Skip the images and copy each record exactly as written.

>>>

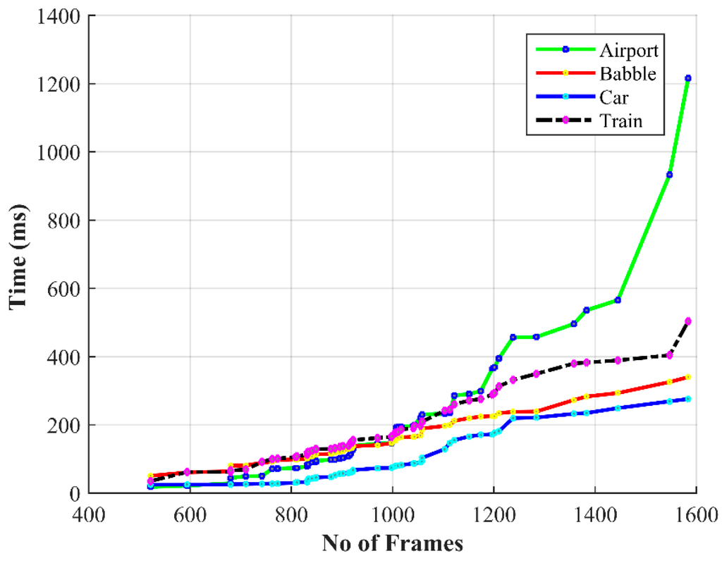 All experiments were conducted with MATLAB version 7.11 on a 2.4 GHZ Intel® CoreTM i7 processor running Windows 10 with 8 GB main memory. Figure 4 shows the average computing time for the SVM classifier to classify the speech and non-speech frames under various noises. From the figure it is inferred that as the size of the number of frames increases the computing time increases. Figure 5a–c shows the mean of sensitivity, specificity, and F-measures of various noises such as airport, babble, car, and train noise for FuzzyEn based VAD using spectral subtraction. Similarly, Figure 6a–c shows the standard deviation of the sensitivity, specificity, and F-measures for various noises. For various SNR levels, ranging from −10 dB to 10 dB, the parameters were computed and the graph shows that the detection of speech and non-speech frames are good by the proposed method, especially under low SNR conditions, except for car interior noise which contains a complex audible instance, where the sensitivity decreases when compared with that of the other noises.
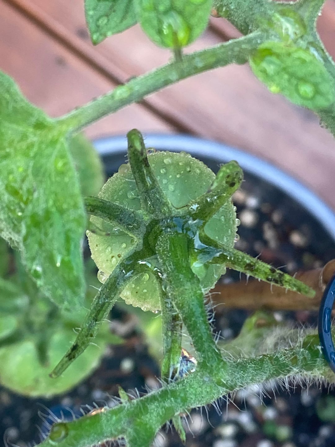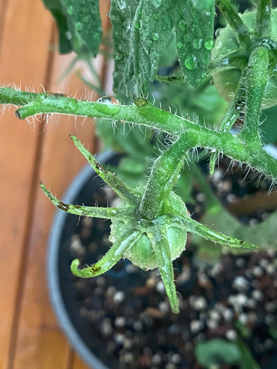 Could someone help identify this black spots on tomato calyx. It's not insects but it looks like a bruise and the fruit doesn't seem to grow that much after appearing. What's the solution for this?
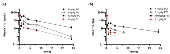 Plots showing the mean concentrations of 11o versus time in mouse plasma (a) and brain (b). 11o was administered either orally (PO) or intravenously (IV). Three mice were sampled from each group for blood and brain collection at each time point. Plasma and brain samples were analyzed for 11o concentrations using LC–MS/MS.
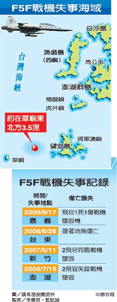 2009年7月15日編號5410的F-5F戰(zhàn)機(jī),在澎湖石礁靶場執(zhí)行空對地炸射訓(xùn)練失事,飛官黃挺瑜中尉和張良元中校失蹤。
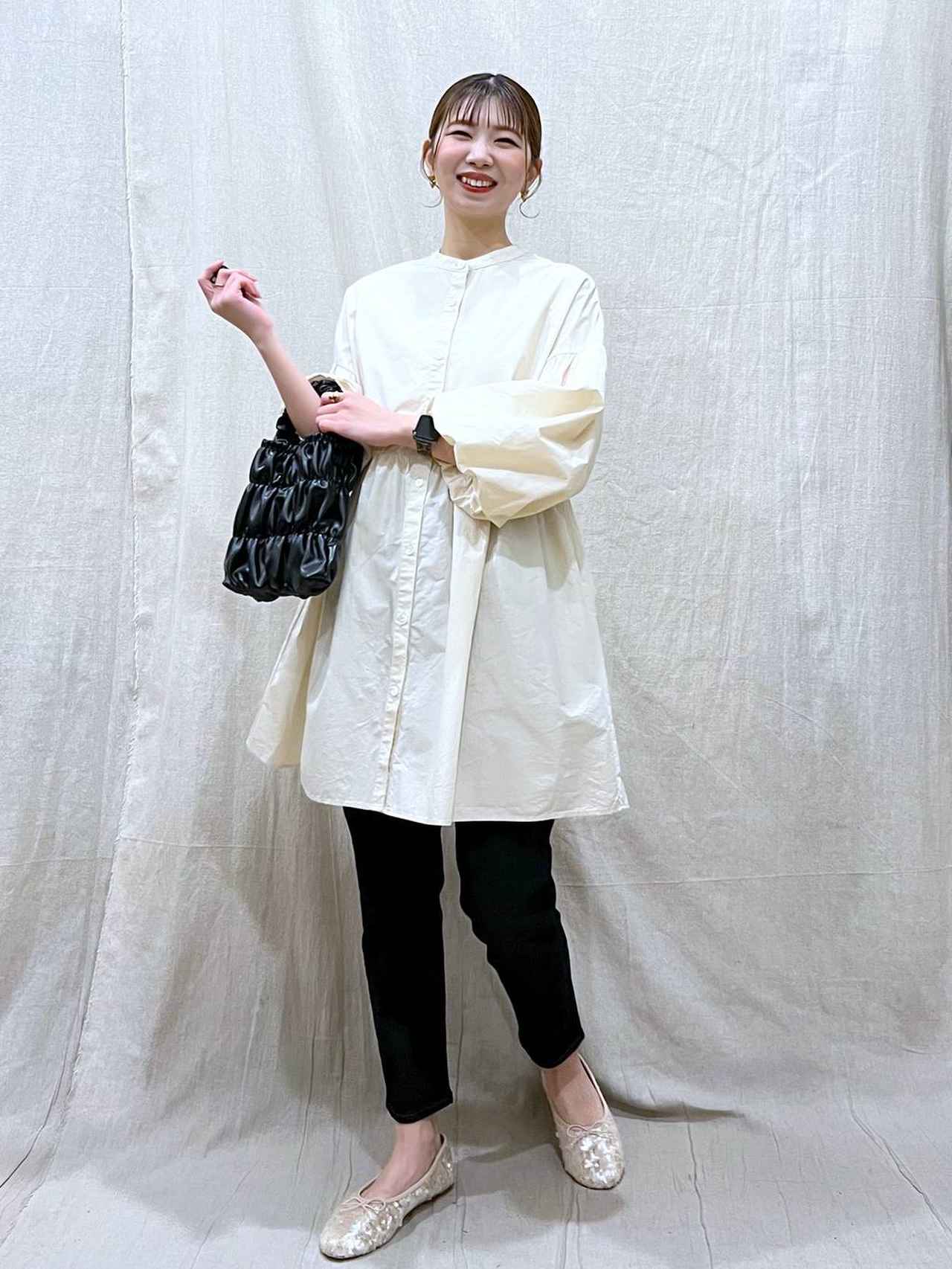 再燃中のロングブーツを合わせて、トレンドコーデを楽しんでいた冬。少しずつ暖かくなってきたこれからの季節の足元は、バレエシューズがおすすめ。フェミニンな要素をプラスして旬度アップ、キラキラ光るスパンコールが春ムードも高めます。【グローバルワーク】のスタッフさんのようにチュニックトップスを合わせると、体型カバーもバッチリ◎
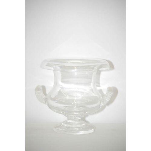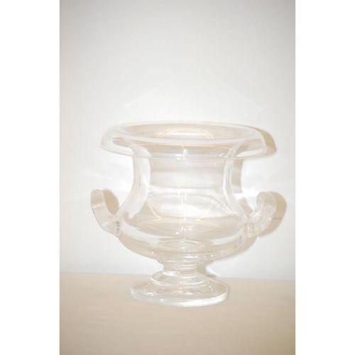 7" CLEAR STEUBEN DOUBLE HANDLED URN W/ ROLLED UPPER LIP, RIBBED APPLIED HANDLES-MARKED STEUBEN W/ ETCHED SIGNATURE ON BASE - BASE SCRATCHES & WEAR, IMPERFECTIONS
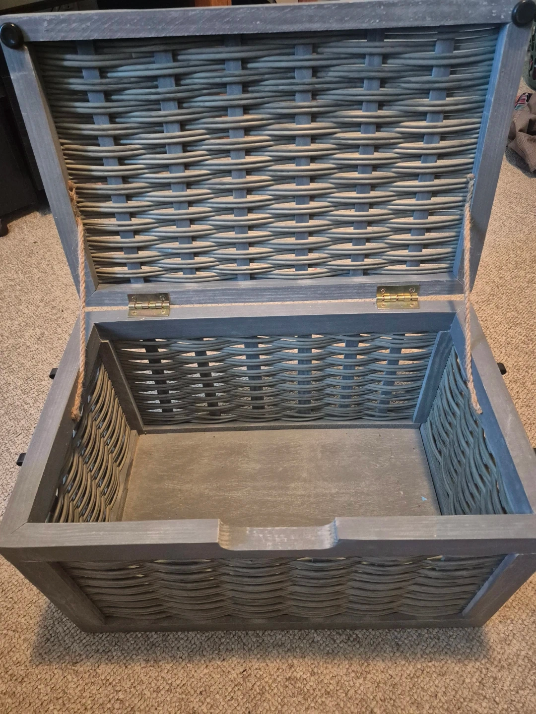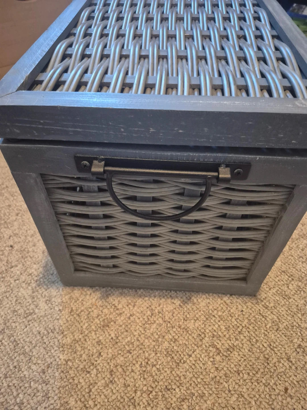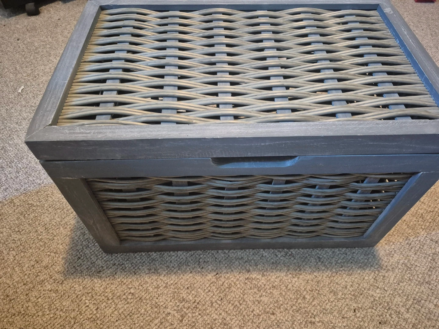 Buy & SellWicker Storage Trunk ChestWicker Storage Trunk Chest$20Grey wicker storage trunk with a hinged lid. It's made with a wooden frame and woven wicker. Features side handles and a rope hinge detail.ConditionLike newDimensions20 X 12 X 12 (inches)WHERE TO MEETMcIvor MallView MapSELLERverifiedMichaelValhalla1104 reviews0 chats·1 favorites·34 viewsSEND CHAT TO SELLERHi Michael! I’m interested in your listing.Hi Michael! I’m interested in your listing.Get the Karrot app to chatSign In to chat

<<<

Output:
 All experiments were conducted with MATLAB version 7.11 on a 2.4 GHZ Intel® CoreTM i7 processor running Windows 10 with 8 GB main memory. Figure 4 shows the average computing time for the SVM classifier to classify the speech and non-speech frames under various noises. From the figure it is inferred that as the size of the number of frames increases the computing time increases. Figure 5a–c shows the mean of sensitivity, specificity, and F-measures of various noises such as airport, babble, car, and train noise for FuzzyEn based VAD using spectral subtraction. Similarly, Figure 6a–c shows the standard deviation of the sensitivity, specificity, and F-measures for various noises. For various SNR levels, ranging from −10 dB to 10 dB, the parameters were computed and the graph shows that the detection of speech and non-speech frames are good by the proposed method, especially under low SNR conditions, except for car interior noise which contains a complex audible instance, where the sensitivity decreases when compared with that of the other noises.
 Could someone help identify this black spots on tomato calyx. It's not insects but it looks like a bruise and the fruit doesn't seem to grow that much after appearing. What's the solution for this?
 Plots showing the mean concentrations of 11o versus time in mouse plasma (a) and brain (b). 11o was administered either orally (PO) or intravenously (IV). Three mice were sampled from each group for blood and brain collection at each time point. Plasma and brain samples were analyzed for 11o concentrations using LC–MS/MS.
 2009年7月15日編號5410的F-5F戰(zhàn)機(jī),在澎湖石礁靶場執(zhí)行空對地炸射訓(xùn)練失事,飛官黃挺瑜中尉和張良元中校失蹤。
 再燃中のロングブーツを合わせて、トレンドコーデを楽しんでいた冬。少しずつ暖かくなってきたこれからの季節の足元は、バレエシューズがおすすめ。フェミニンな要素をプラスして旬度アップ、キラキラ光るスパンコールが春ムードも高めます。【グローバルワーク】のスタッフさんのようにチュニックトップスを合わせると、体型カバーもバッチリ◎
 7" CLEAR STEUBEN DOUBLE HANDLED URN W/ ROLLED UPPER LIP, RIBBED APPLIED HANDLES-MARKED STEUBEN W/ ETCHED SIGNATURE ON BASE - BASE SCRATCHES & WEAR, IMPERFECTIONS
 Buy & SellWicker Storage Trunk ChestWicker Storage Trunk Chest$20Grey wicker storage trunk with a hinged lid. It's made with a wooden frame and woven wicker. Features side handles and a rope hinge detail.ConditionLike newDimensions20 X 12 X 12 (inches)WHERE TO MEETMcIvor MallView MapSELLERverifiedMichaelValhalla1104 reviews0 chats·1 favorites·34 viewsSEND CHAT TO SELLERHi Michael! I’m interested in your listing.Hi Michael! I’m interested in your listing.Get the Karrot app to chatSign In to chat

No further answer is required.